If you’re not alert to the forces streaming around you, you’ll never pin down what wants to be written. Grow bigger ears. Trust the process. And always ask yourself what wants acceptance in this moment. You’ll have no trouble figuring out your next move. What are you allowing yourself to give birth to?
2. Goals are overrated. It’s one thing to be goal oriented – it’s another to be goal obsessed. That’s the problem: Once you become too fixated on your goals, a whole host of dangerous reverberations echo through your life. First, you lose sign of the true intention behind the goal. And that’s way more important than crossing some arbitrary number off your list.
Second, you become too attached to the outcome. And you lose site of what matters most: The person you’re becoming while accomplishing the goal. Third, you lock yourself into working on something you’re no longer passionate about. And that’s not fair to you, your work or the world.
And finally, when you’re too fixated on accomplishing your goals, you end up living in a perpetual state of dissatisfied expectation. And that blocks you from finding contentment in the now.
My suggestion: Hold intentions; don’t set goals. This approach focuses on the present moment, isn’t so outcome oriented and makes it easier to pivot when life throws you a curveball. Then, instead of striving for the finish line, you can remember why the hell you’re running in the first place. Will you really be that much happier when you accomplish all your goals?
3. Certainty locks down your story. After wearing a nametag everyday for the past eleven years, I’ve finally comes to terms with this reality: Commitment has the potential to degrade into detriment.
Here’s why: The deeper you commit to something, the more likely you are to become so obsessed with idea of being committed to that something, that your desire actually becomes bigger than what you’re committed to.
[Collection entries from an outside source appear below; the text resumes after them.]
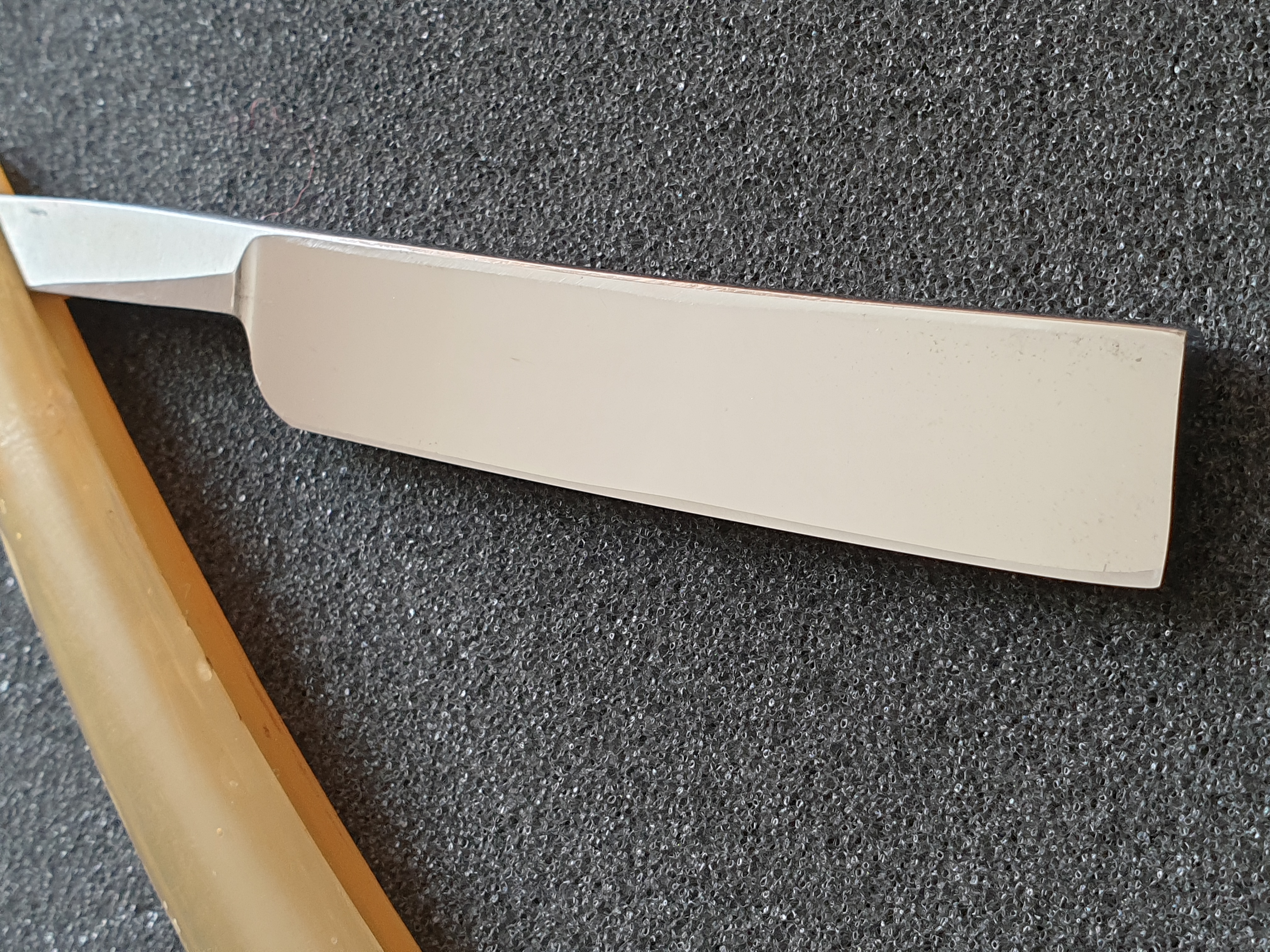 Продаётся от S&T100. Bengall, Шеффилд, XIX век. Форма - клин, ручка из рога с клинышком из олова, ширина клинка 15мм, все родное, ручка без выгрызов и прочих дефектов, отличная геометрия клинка, бритва не разбиралась, не шкурилась, сделана только свежая заточка на японских камнях.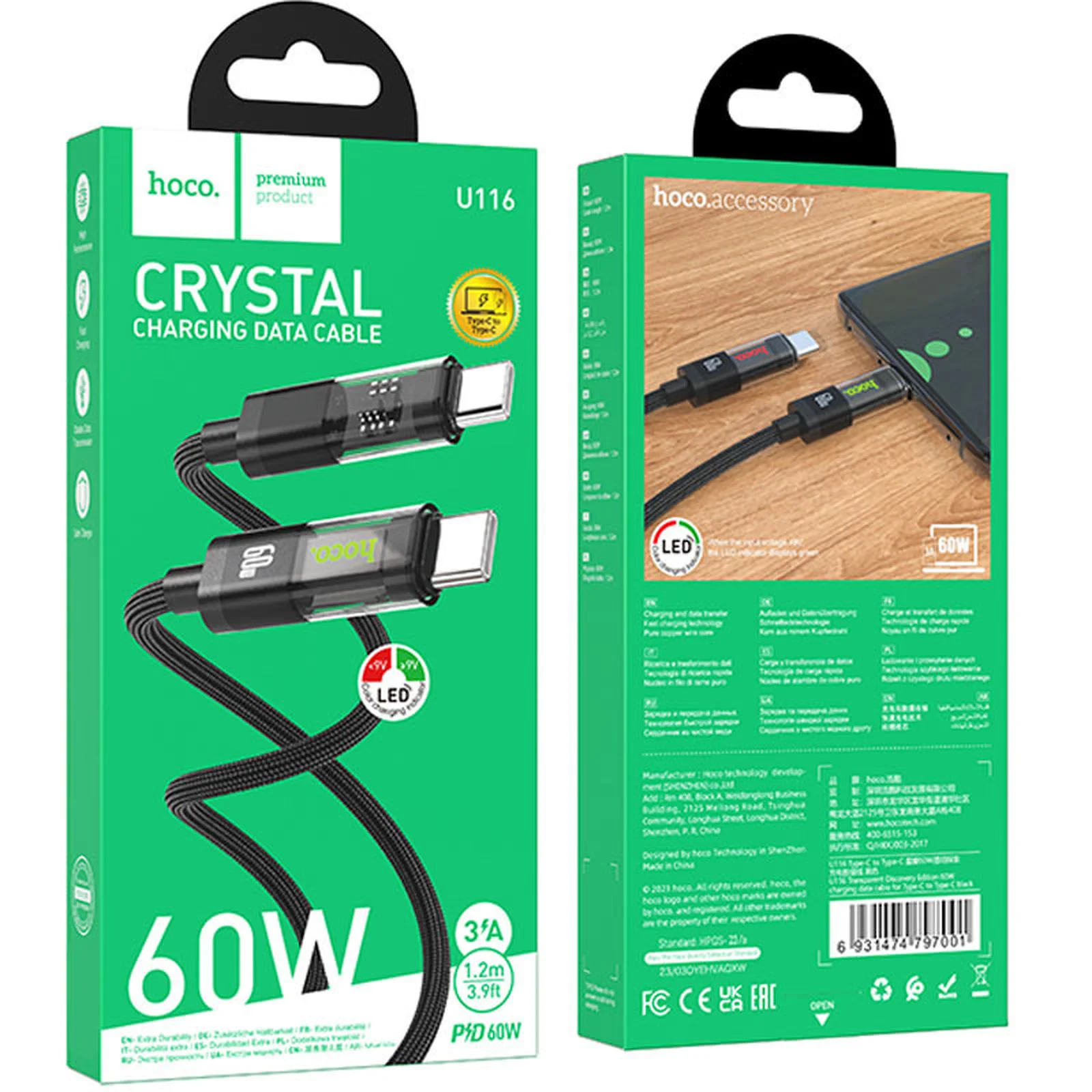 Дата кабель Hoco U116 Transparent Discovery Edition 60W Type-C to Type-C (1.2m) Black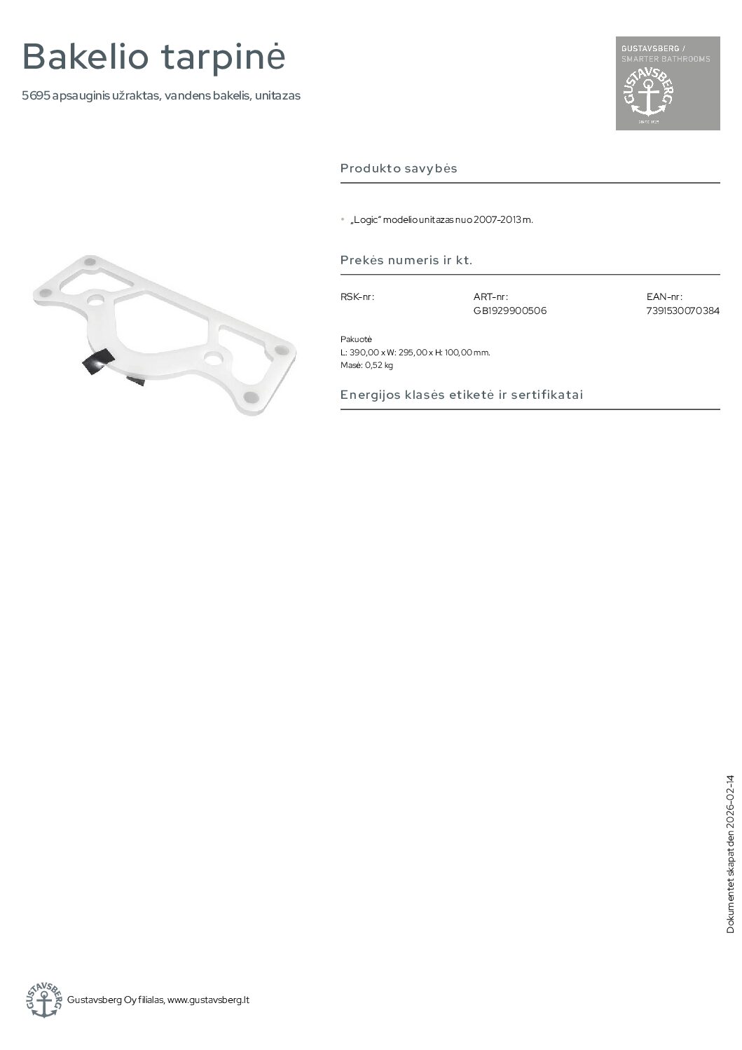 Būkite pirmas aprašęs “Gustavsberg Logic nuo 2007-2014 m. bakelio tarpinė”

And as a result, you end up hurting the people you love because you’re blinded by the fire of your own conviction.
What’s more, you block yourself from whole world of cool opportunities that would have come your way had you not been so damn certain.
But it’s too late. You were too right.
All I’m saying is: Never overlook the possibility of changing your mind midstream. There’s nothing wrong with quitting. And it’s not a sign of failure to change your vision. As long as you do so when it’s right – not when it’s hard – nobody is going to spank you with a ruler.
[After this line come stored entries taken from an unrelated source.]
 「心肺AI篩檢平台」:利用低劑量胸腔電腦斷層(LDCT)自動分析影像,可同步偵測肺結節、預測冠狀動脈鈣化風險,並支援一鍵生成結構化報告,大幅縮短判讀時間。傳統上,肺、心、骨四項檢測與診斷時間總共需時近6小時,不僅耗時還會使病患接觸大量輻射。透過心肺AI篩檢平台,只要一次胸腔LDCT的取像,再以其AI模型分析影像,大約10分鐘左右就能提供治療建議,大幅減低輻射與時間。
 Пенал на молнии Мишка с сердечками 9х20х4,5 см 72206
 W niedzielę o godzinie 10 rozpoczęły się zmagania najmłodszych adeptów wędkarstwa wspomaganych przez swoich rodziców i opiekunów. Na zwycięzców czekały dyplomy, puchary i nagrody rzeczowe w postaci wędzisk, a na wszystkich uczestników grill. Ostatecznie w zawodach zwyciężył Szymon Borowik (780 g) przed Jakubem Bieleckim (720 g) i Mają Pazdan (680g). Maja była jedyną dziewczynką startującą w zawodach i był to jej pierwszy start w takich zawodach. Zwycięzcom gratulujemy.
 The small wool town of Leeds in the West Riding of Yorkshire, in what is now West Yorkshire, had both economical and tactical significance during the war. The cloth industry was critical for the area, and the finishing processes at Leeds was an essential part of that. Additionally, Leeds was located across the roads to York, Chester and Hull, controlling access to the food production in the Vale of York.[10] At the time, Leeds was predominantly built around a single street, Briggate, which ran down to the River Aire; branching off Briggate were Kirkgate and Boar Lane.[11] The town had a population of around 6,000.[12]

In fact, they’ll probably give you a medal. At least you had the guts to admit you were wrong, turn the car around and barrel into the other direction. Most people wouldn’t be able to handle that kind of imperfection. Are you too attached to it?
4. Plans are for architects. One of my favorite mantras comes from legendary point guard Steve Nash: “If you don’t know where you’re going, nobody can stop you.” I’ve been living that philosophy for nearly a decade.
Think about it: When I started my business the day I graduated college, I had no idea what I was doing. And now, nearly a decade later, I’m happy to report that I still have no idea what I’m doing.
Interestingly enough, it seems to be working: Business is good, and life is even gooder. That’s the big secret nobody tells you in business school: You don’t need to know where you’re going – you just need to know why you’re going there. Because if you know your why, the how will come. As long as you develop a deeper awareness of the dance – and believe that the path will take you where you want to go – you’ll figure it out.
Stop making gods out of your plans. Find your core motivation, embed into the pavement and use the why to set yourself on fire. Because the irony is, there’s actually a lot of predictability in uncertainty. But only if you listen. Are you willing to plunge forward planless?
REMEMBER: Our troubles come not when we think we’re wrong, but when we’re sure we’re right.
Life’s too short to stay on the wrong path just to avoid looking like an idiot.
Try not knowing. Hug uncertainty. Be blissfully ignorant.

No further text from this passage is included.